== DIRECTIONS ==
The following data is to be repeated exactly, its pictures excluded.

═════ EXCERPTED RECORDS

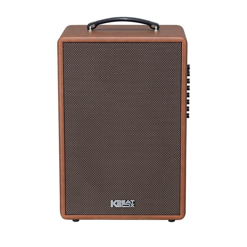 Mặt trước loa là lưới ê căng vải dệt, giúp bảo vệ hệ thống củ loa bên trong khỏi bụi bẩn, va chạm nhẹ đồng thời giữ cho tổng thể thiết kế hài hòa, liền mạch. Logo KBEATBOX được đặt ở phía dưới mặt trước, hỗ trợ nhận diện thương hiệu rõ ràng.
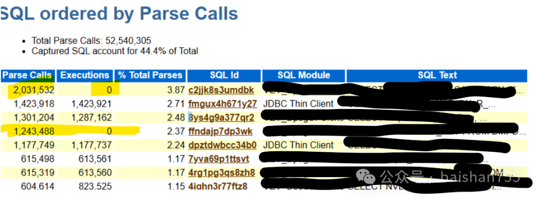 刚开始的时候我发现了这些异常,解析后0次之行的SQL,很可能是这些SQL存在语法问题。后来用户那边确认是自己的应用框架存在BUG,此类问题一直存在,在没有卡顿的时段里也会存在这样的情况。
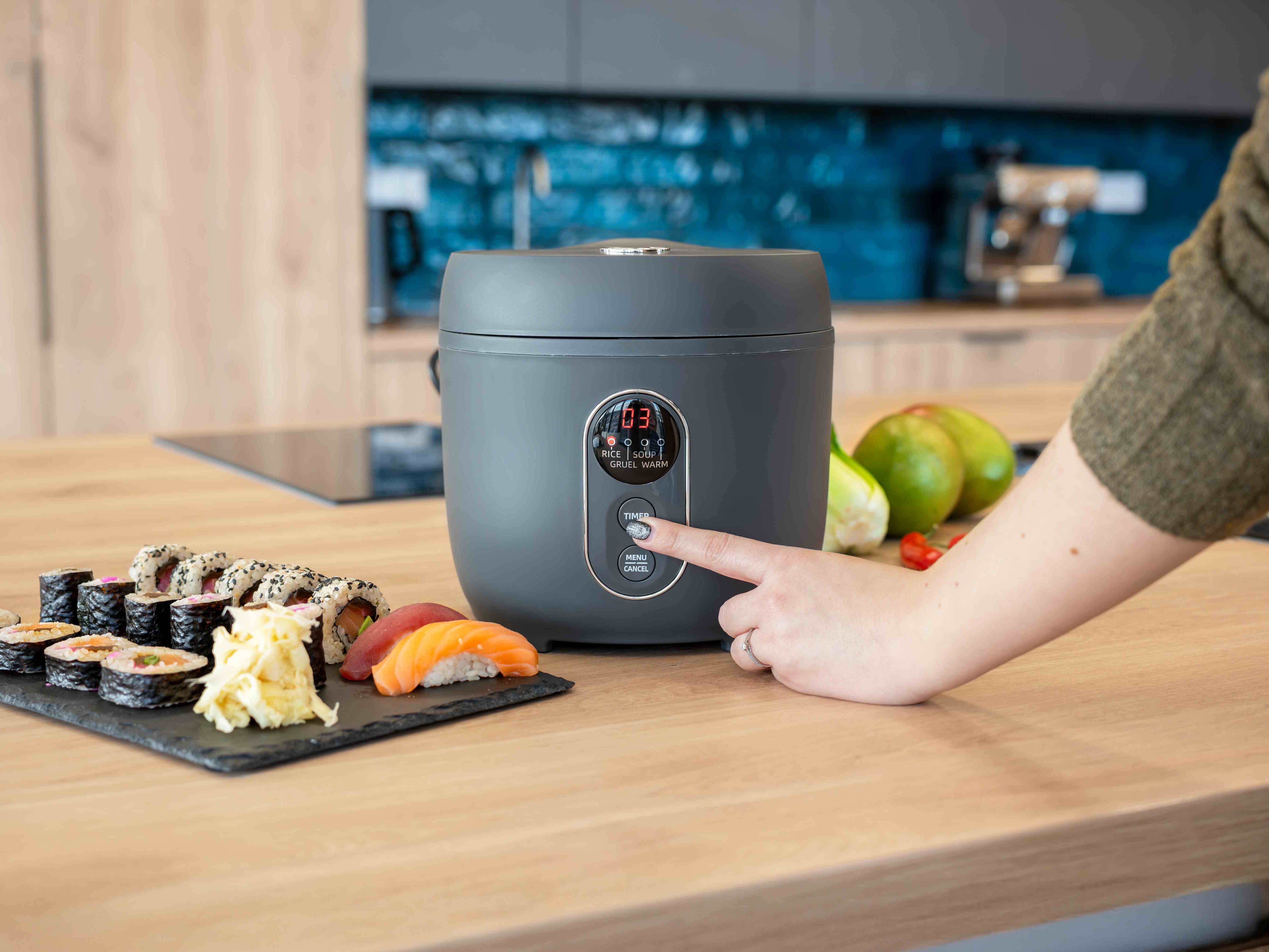 Rýžovar Remoska® Maria s objemem 0,8 l nabízí 4 programy – uvaří rýži, připraví jemnou rýžovou kaši nebo chutnou polévku. Přehledný digitální displej s odpočtem času vám usnadní kontrolu nad vařením, zatímco odložený start až o 12 hodin zajistí, že jídlo bude hotové přesně ve chvíli, kdy budete potřebovat. Navíc Rýžovar Remoska® Maria můžete snadno sladit do celé kolekce Maria, která propojuje funkčnost a elegantní design do jednotného stylu kuchyně.
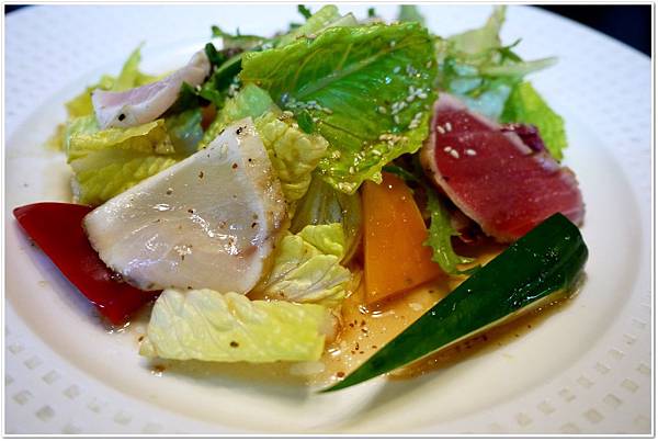 第一道是炙燒生魚片沙拉,清爽的口感,酸甜醬汁更開胃^^
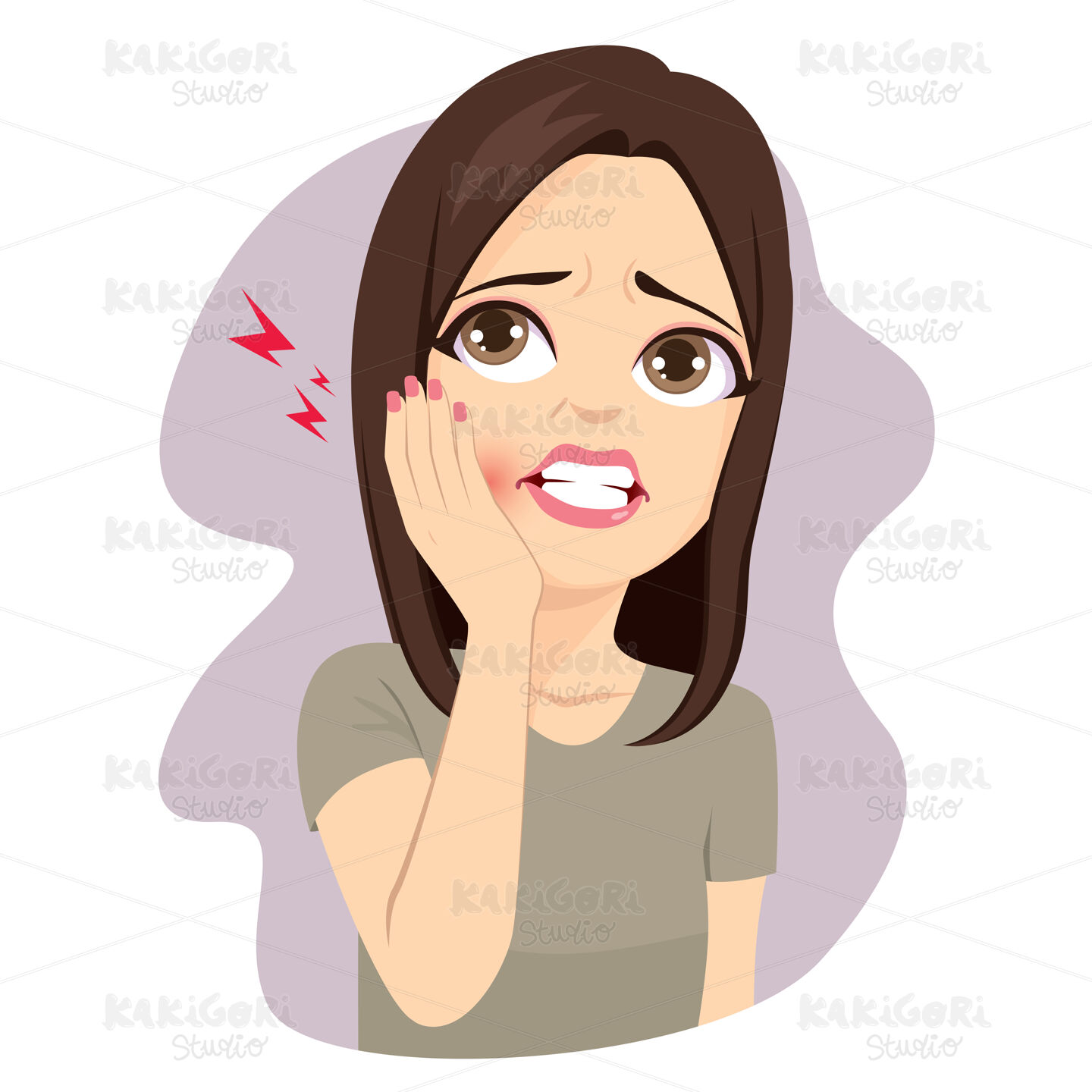 / Woman Touching Cheek Toothache Pain Clipart Vector Illustration 04973
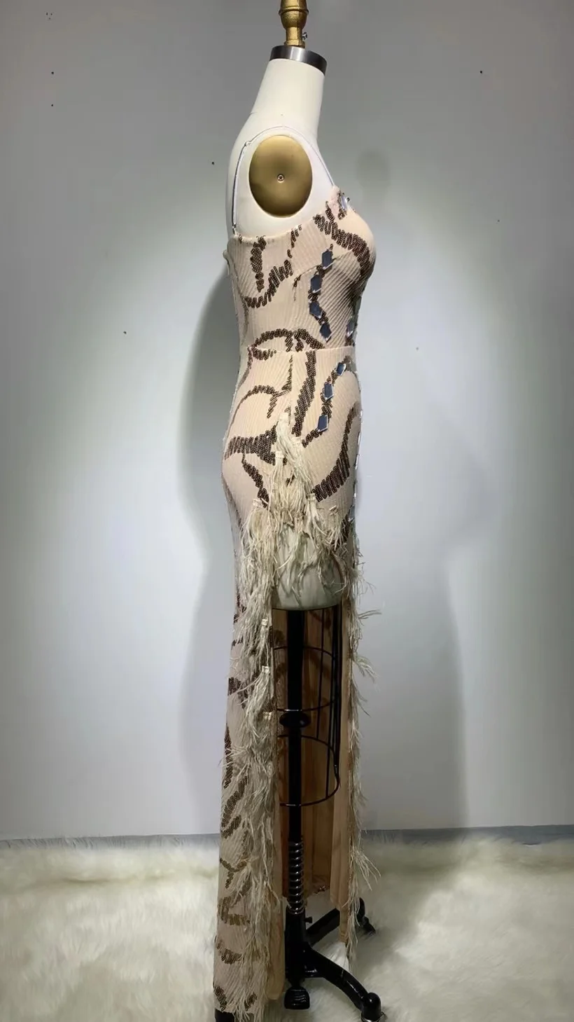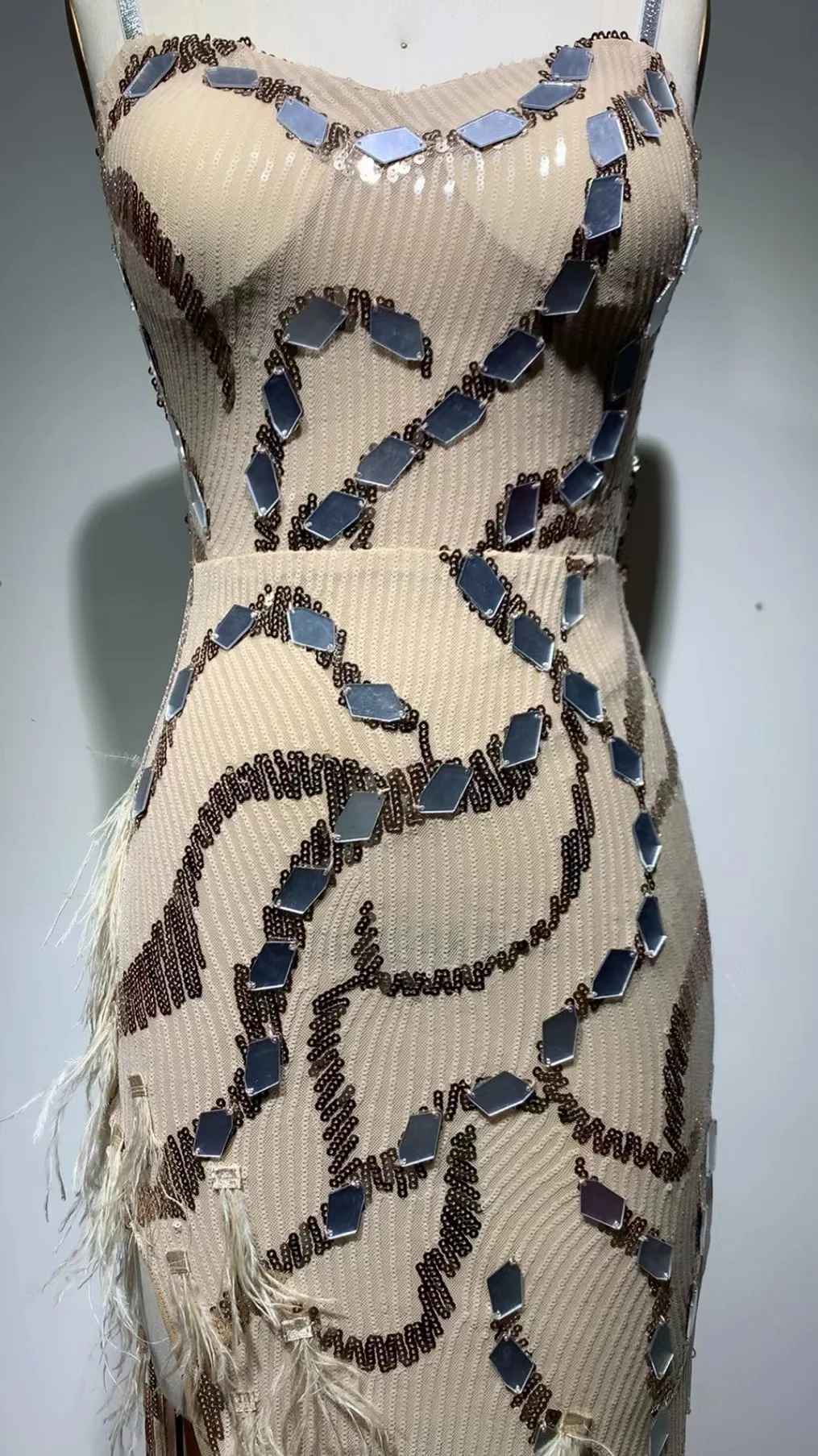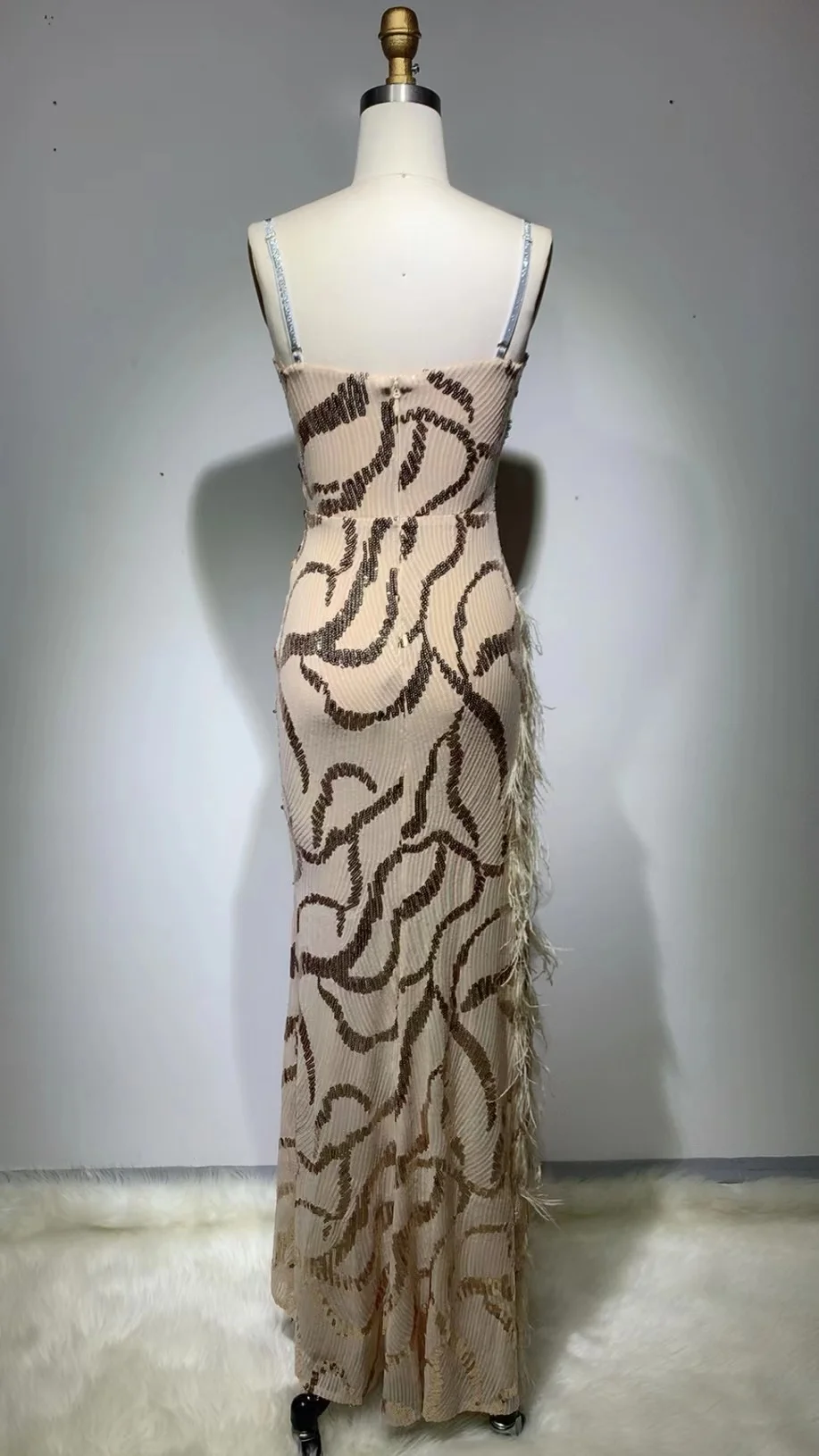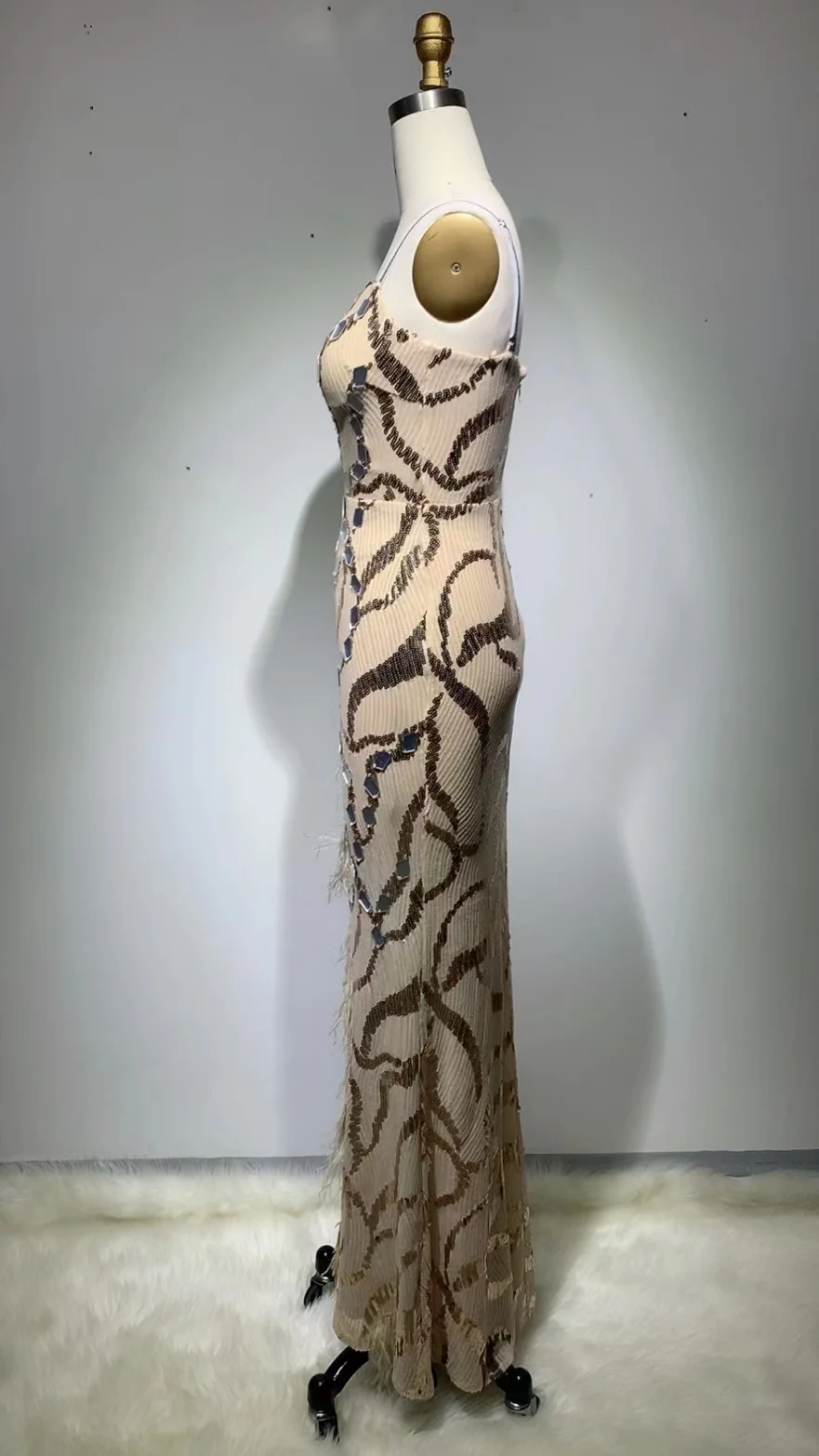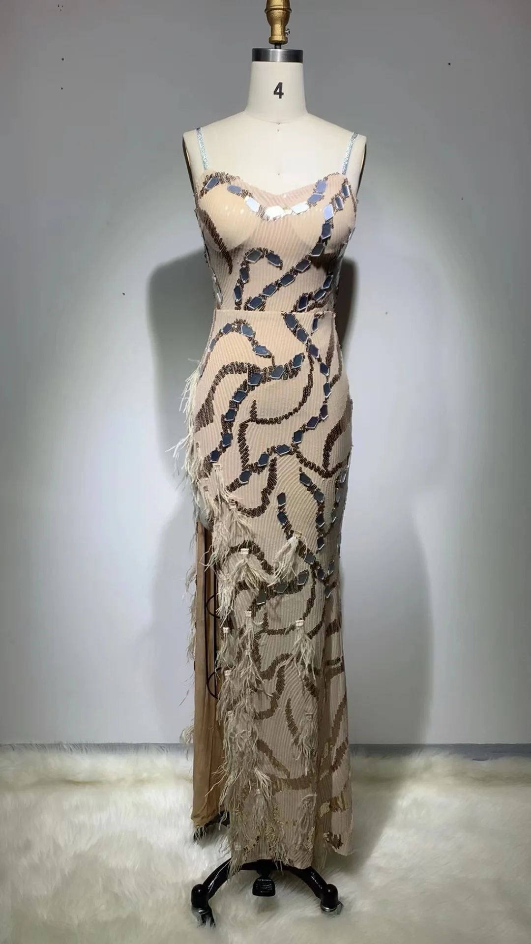 ED2393 Gowns For Women Evening Dresses High Slit Sequin Dress Sexy Party Spaghetti Strap Long Feather Dress

══════════

== SOLUTION TO THIS EXERCISE ==
 Mặt trước loa là lưới ê căng vải dệt, giúp bảo vệ hệ thống củ loa bên trong khỏi bụi bẩn, va chạm nhẹ đồng thời giữ cho tổng thể thiết kế hài hòa, liền mạch. Logo KBEATBOX được đặt ở phía dưới mặt trước, hỗ trợ nhận diện thương hiệu rõ ràng.
 刚开始的时候我发现了这些异常,解析后0次之行的SQL,很可能是这些SQL存在语法问题。后来用户那边确认是自己的应用框架存在BUG,此类问题一直存在,在没有卡顿的时段里也会存在这样的情况。
 Rýžovar Remoska® Maria s objemem 0,8 l nabízí 4 programy – uvaří rýži, připraví jemnou rýžovou kaši nebo chutnou polévku. Přehledný digitální displej s odpočtem času vám usnadní kontrolu nad vařením, zatímco odložený start až o 12 hodin zajistí, že jídlo bude hotové přesně ve chvíli, kdy budete potřebovat. Navíc Rýžovar Remoska® Maria můžete snadno sladit do celé kolekce Maria, která propojuje funkčnost a elegantní design do jednotného stylu kuchyně.
 第一道是炙燒生魚片沙拉,清爽的口感,酸甜醬汁更開胃^^
 / Woman Touching Cheek Toothache Pain Clipart Vector Illustration 04973
 ED2393 Gowns For Women Evening Dresses High Slit Sequin Dress Sexy Party Spaghetti Strap Long Feather Dress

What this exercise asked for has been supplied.